Although LEAPS participants are first-year college students, they are near peers of the Code Next high school students. As they helped with preparations for the Youth Mobility Summit, they were also given the opportunity to reflect on what it meant to participate in a program like Code Next as a high school student. "The LEAPS students are seeing high schoolers think very proactively, very consciously, about how they're helping to shape their community. And it gives LEAPS students a chance to ask what they might have done in their own communities if they'd been given a chance like this in high school."
In turn, the reciprocal nature of the partnership between Code Next and LEAPS gave the high school students a connection to the University of Michigan, where many of them hope to attend college. "It gives them a visualization, this realization that ‘I can be there, too,'" says Felten.
Beyond the first-year placements, community-engaged learning is threaded throughout the four-year LEAPS curriculum. Guided reflection is a key component of these high-impact practices, helping students make meaning of their experiences. Opportunities for journaling are built into courses, and dialogue and discussion take place in Forum, the homeroom-like class where students draw connections across their different areas of learning.
"They think about what they've experienced as students, and then they think about themselves," says Casab. "They think about where they come from, analyzing their own lives and the intersectionality of their assumptions, privilege, and oppression." Without the guided reflection component of community-engaged work, she adds, there is potential to do harm. "If you don't understand the context, the culture, the history of the community you are collaborating with, you can perpetuate stereotypes and negative assumptions." However, if the experience is curated in a way that allows for meaning-making and critical reflection—as it is in LEAPS—the high-impact work "makes you a more empathetic person," says Casab. "It makes you a more compassionate and non-judgmental person, and someone who really wants to be a good citizen."

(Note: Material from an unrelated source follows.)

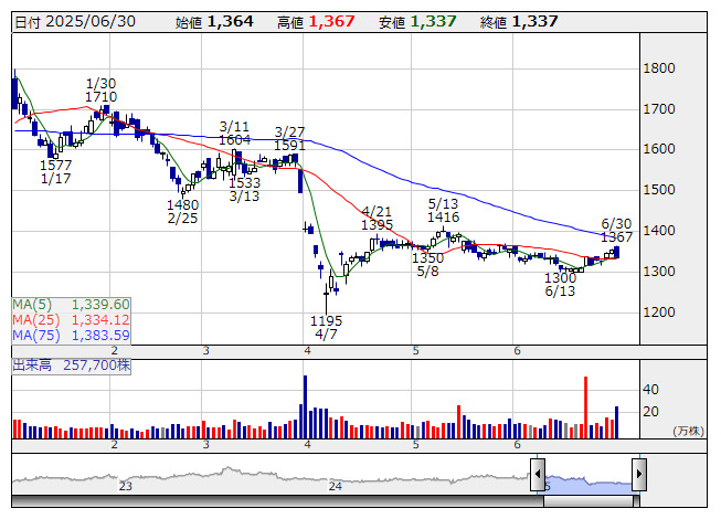 上向きで推移する25日線を支持線とした上昇トレンドを継続。6月10日につけた2370円をピークに調整をみせたが、25日線水準が支持線として機能している。ボリンジャーバンドの+1σを挟んだ中心値(25日)と+2σとのレンジを継続。バンドは足もとでやや収れんしてきており、徐々に煮詰まり感も意識されてきそうだ。

As LEAPS relationships with partner organizations continue to develop, the program looks forward to bringing them together in the LEAPS Community Partner Network.

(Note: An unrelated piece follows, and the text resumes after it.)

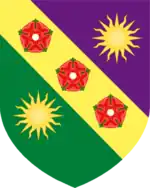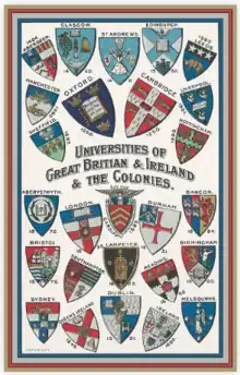 University and college arms often incorporate, or are simply copies of, arms of their founders or local authorities.[2][3][11] At collegiate universities, constituent colleges may bear their own arms, such as at Cambridge and Oxford.[2][3] Many older coats of arms were recorded by Arthur Charles Fox-Davies in The Book of Public Arms in 1915, which also recorded some coats of arms of constituent colleges,[12] and by John Woodward in A Treatise on Ecclesiastical Heraldry in 1894.[13] Most university mottos are not granted with the coats of arms, instead being added by custom by the institution, an exception to this being the arms of Imperial College London.[14] Those universities in Ireland that existed prior to independence from the United Kingdom were granted arms along the lines of other British universities;[15] these are listed separately below.

"We follow the philosophy of asking our partners what they need, and what they want this network space to be," says Casab. Perhaps the meetings will be social, she explains, or maybe they will be a place to discuss wellness or professional development. "The first meeting is being called by LEAPS, but it's going to be unstructured. We'll ask ‘What would you like this space to be?' so that we can all participate in the creation of whatever the network is going to look like."
Casab, who was born in Mexico, considers herself an "adopted daughter" of Detroit. She approaches the cultivation of partnerships with humility and curiosity. "I want to know about the culture and I want to know how the communities are tackling the problems that they have. If you're not humble, the doors are not going to open. The great thing about LEAPS is having students who also have that curiosity, and who also want to know how they can become learning leaders and how they can apply their skills for the public good."